We simply change the argument var.equal to FALSE in the t.test() function. This is because we are using a Welch’s t-test, which does not assume equal variances between the two groups.

# random normal data
set.seed(666)
r_two <- data.frame(dat = c(rnorm(n = 20, mean = 4, sd = 1),
                            rnorm(n = 20, mean = 5, sd = 1)),
                    sample = c(rep("A", 20), rep("B", 20)))

# perform t-test
# note how we set the `var.equal` argument to FALSE because we want
# to do a Welch's t-test
t.test(dat ~ sample, data = r_two, var.equal = FALSE)


    Welch Two Sample t-test

data:  dat by sample
t = -1.9544, df = 36.501, p-value = 0.05835
alternative hypothesis: true difference in means between group A and group B is not equal to 0
95 percent confidence interval:
 -1.51803431  0.02774392
sample estimates:
mean in group A mean in group B 
       4.001438        4.746584

✓ (x 5) for this simple calculation.

To do the Welch’s t-test manually (as one would do 30 years ago with a hand-held calculator), we need to calculate the t-statistic and the degrees of freedom. The t-statistic is calculated by:

$t = \frac{\bar{A} - \bar{B}}{\sqrt{\frac{S_{A}^{2}}{n} + \frac{S_{B}^{2}}{m}}}$

Here, $S_{A}$ and $S_{B}$ are the variances of groups $A$ and $B$ , respectively (see Section X).
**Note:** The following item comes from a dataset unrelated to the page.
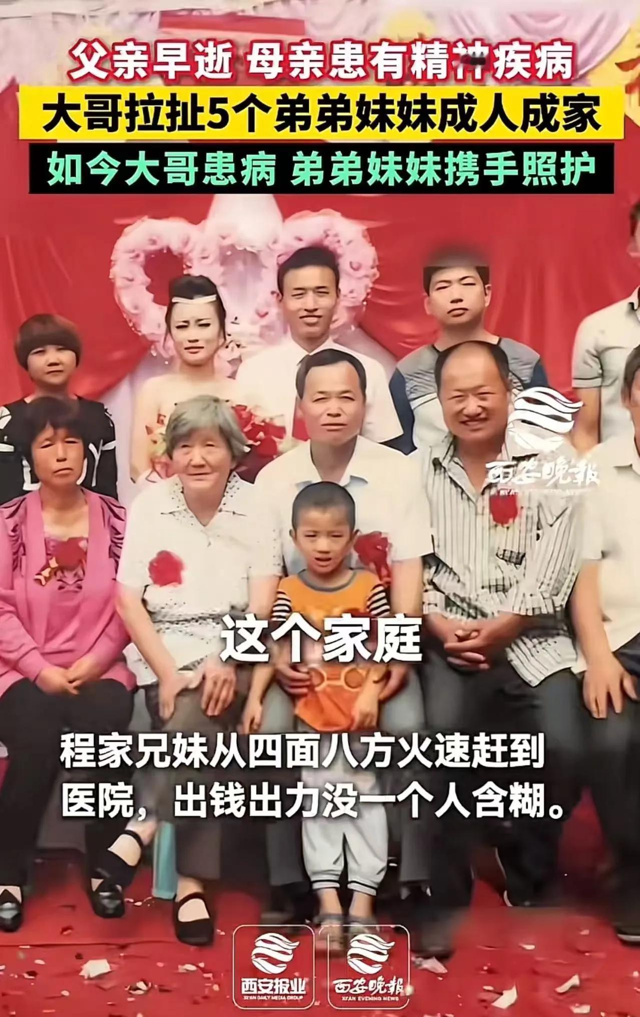 看哭了!父亲早逝,母亲患有精神疾病,大哥拉扯5个弟弟妹妹成人成家,如今大哥患病,弟弟妹妹的做法,令人泪目!网友:大哥用半辈子诠释了‘长兄如父’,弟妹用余生报答了这份恩情。” 这是一段令人动容的人生故事。父亲早逝,母亲又因精神疾病无法自理,家中失去了主要的支柱。面对困境,年长的大哥毅然挑起了家庭的重担,肩负起养育五个弟弟妹妹的责任。他放弃了自己的青春和梦想,日夜操劳,只为让弟弟妹妹们能够健康成长,顺利成家立业。 在那个艰难的年代,大哥没有怨言,没有退缩。他用勤劳和坚韧撑起了这个破碎的家。无论生活多么艰苦,他始终坚持让弟弟妹妹们接受教育,拥有更好的未来。每当弟弟妹妹遇到困难,大哥总是第一个站出来,给予支持和鼓励。他用半辈子的光阴诠释了“长兄如父”的深刻含义。 如今,大哥年事已高,身体也开始出现疾病的征兆。令人感动的是,弟弟妹妹们并没有忘记大哥当年的付出。他们纷纷回到大哥身边,悉心照顾,用自己的方式回报这份深沉的恩情。有的负责料理饮食,有的陪伴左右,确保大哥的生活无忧;有的承担起经济负担,确保大哥能够得到及时的治疗和康复。 弟弟妹妹们的举动让无数网友为之动容。有人说:“大哥用半辈子诠释了‘长兄如父’,弟妹用余生报答了这份恩情。”这不仅是血浓于水的亲情,更是对责任与爱的最好诠释。这样的故事,让人看到了人性中最温暖、最坚韧的一面。 这段经历告诉我们,家庭的力量是无坚不摧的。无论遇到多大的困难,只要有爱,有责任心,就能够战胜一切。大哥的无私奉献和弟妹们的感恩回报,正是这个世界上最美好的情感体现。 在现实生活中,或许我们也能从这故事中汲取力量。无论身处何种境地,都不要忘记对家人的关爱和责任。正是这些点滴的付出,构筑了一个温暖的家,也让我们的人生更加有意义。 这段故事让人泪目,也让人心生敬意。它提醒我们,亲情是人生最宝贵的财富,珍惜身边的亲人,用心去守护这份情感,才是人生最值得追求的幸福。愿每一个家庭都能像这位大哥和他的弟弟妹妹们一样,携手共度风雨,共享人生的温暖与光明。

The d.f. to use with Welch’s t-test is obtained using the Welch–Satterthwaite equation:

$d . f . = \frac{{(\frac{S_{A}^{2}}{n} + \frac{S_{B}^{2}}{m})}^{2}}{(\frac{S_{A}^{4}}{n - 1} + \frac{S_{B}^{4}}{m - 1})}$

where $n$ and $m$ are the sample sizes of groups $A$ and $B$ , respectively. The p-value is then obtained from the t-distribution with the degrees of freedom calculated above (see below).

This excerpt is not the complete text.